Metastring / HealthHeatMap

0 stars 0 forks source link

Aggregation Methods #7

Open Varnita-Metastring opened 4 years ago

Varnita-Metastring commented 4 years ago

Build aggregation methods based on the SDG indicator framework based on the annotations of the data

asdofindia commented 4 years ago

Here's a possible implementation of a specific narrow subset of aggregations. That is, a composite indicator.

Imagine an indicator that is made up of other indicators. For example, let us define "maternal health index" as 1 / ("maternal mortality rate" + "perinatal mortality rate" + "proportion of women receiving Iron Folic Acid")

This is an indicator that we are defining out of existing indicators. The values have to be computed from the other indicators. We could either pre-compute them and store or compute them dynamically every time someone requests that particular indicator.

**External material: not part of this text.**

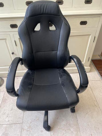 Gratis af te halen: een gebruikte bureaustoel/gamestoel. De stoel is nog functioneel, maar heeft duidelijke schade aan de leuningen, en slijtage op het zitvlak, zoals te zien op de foto's. Ideaal
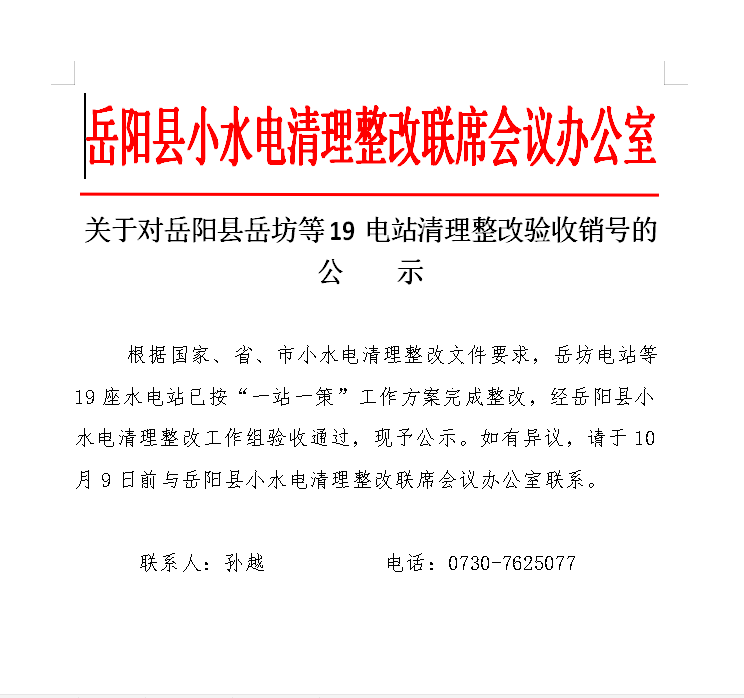 关于对岳阳县岳坊等19座水电站清理整改验收销号的公示

Either way, we will need to store the definition of this composite indicator in some machine readable form. For example, we could store the above like so:

{"divide": [1, {"sum": [ "maternal mortality rate", "perinatal mortality rate", "proportion of women receiving Iron Folic Acid"]}]

In the above we are representing the formula in a machine readable form where divide is an operator that takes an array of [numerator, denominator] and sum is another operator that takes an array [...values to be summed]. Here we've simplified the representation of "maternal mortality rate" and others. This should be unique references to the corresponding indicators in our database rather than a string.

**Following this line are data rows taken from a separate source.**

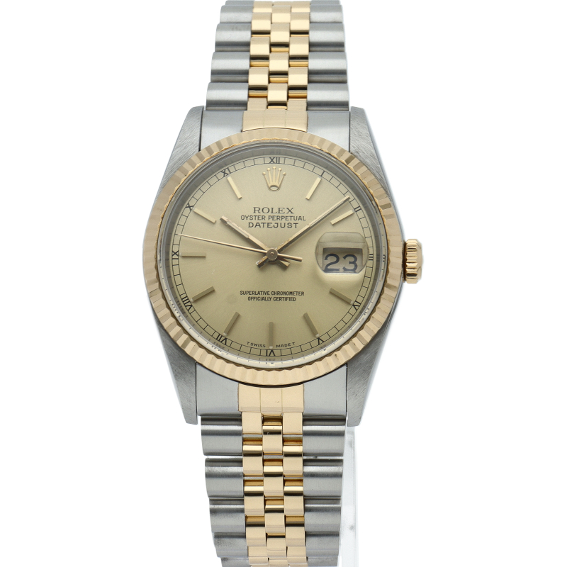 ロレックスのドレスウォッチの王道「デイトジャスト」。イエローゴールドとステンレスの組み合わせが上品で高級感を感じさせる1本です。
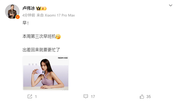 小米集团合伙人、总裁卢伟冰今天早上通过社交媒体表示,“出差回来就要更忙了”。结合网友评论和之前的多方爆料,卢伟冰显然是暗示小米将在近期推出小米17 Ultra和小米NAS等重磅新品,这将成为小米2025年的压轴大戏。
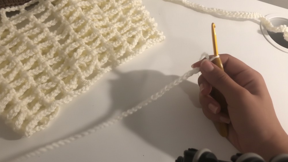 - Skip 3 stitches, double crochet into the fourth stitch—this creates the first mesh “window.”

With this representation of the formula, we can compute the values (either for pre-computation or for dynamic computation).

The way to do that would be to build a formula parser. This formula parser should be able to apply operations like divide and sum. It should also be able to replace the references to other indicators with values that we supply.

Now, when calling this formula parser, we need to supply the values for these indicators. This could be done by querying the database for those values (in a single query that finds all the values required).

Alternatively, we could implement the calculation within the database. Elasticsearch, for example, supports painless scripting language which can be used inside a bucket to do this calculation. But, in that case, we would have to express the formula in database specific languages (or convert the formula into database specific form).

asdofindia commented 4 years ago

We could use something like formulize (demo) (@deepkt may want to build something on his own :D) to capture such formula from the frontend.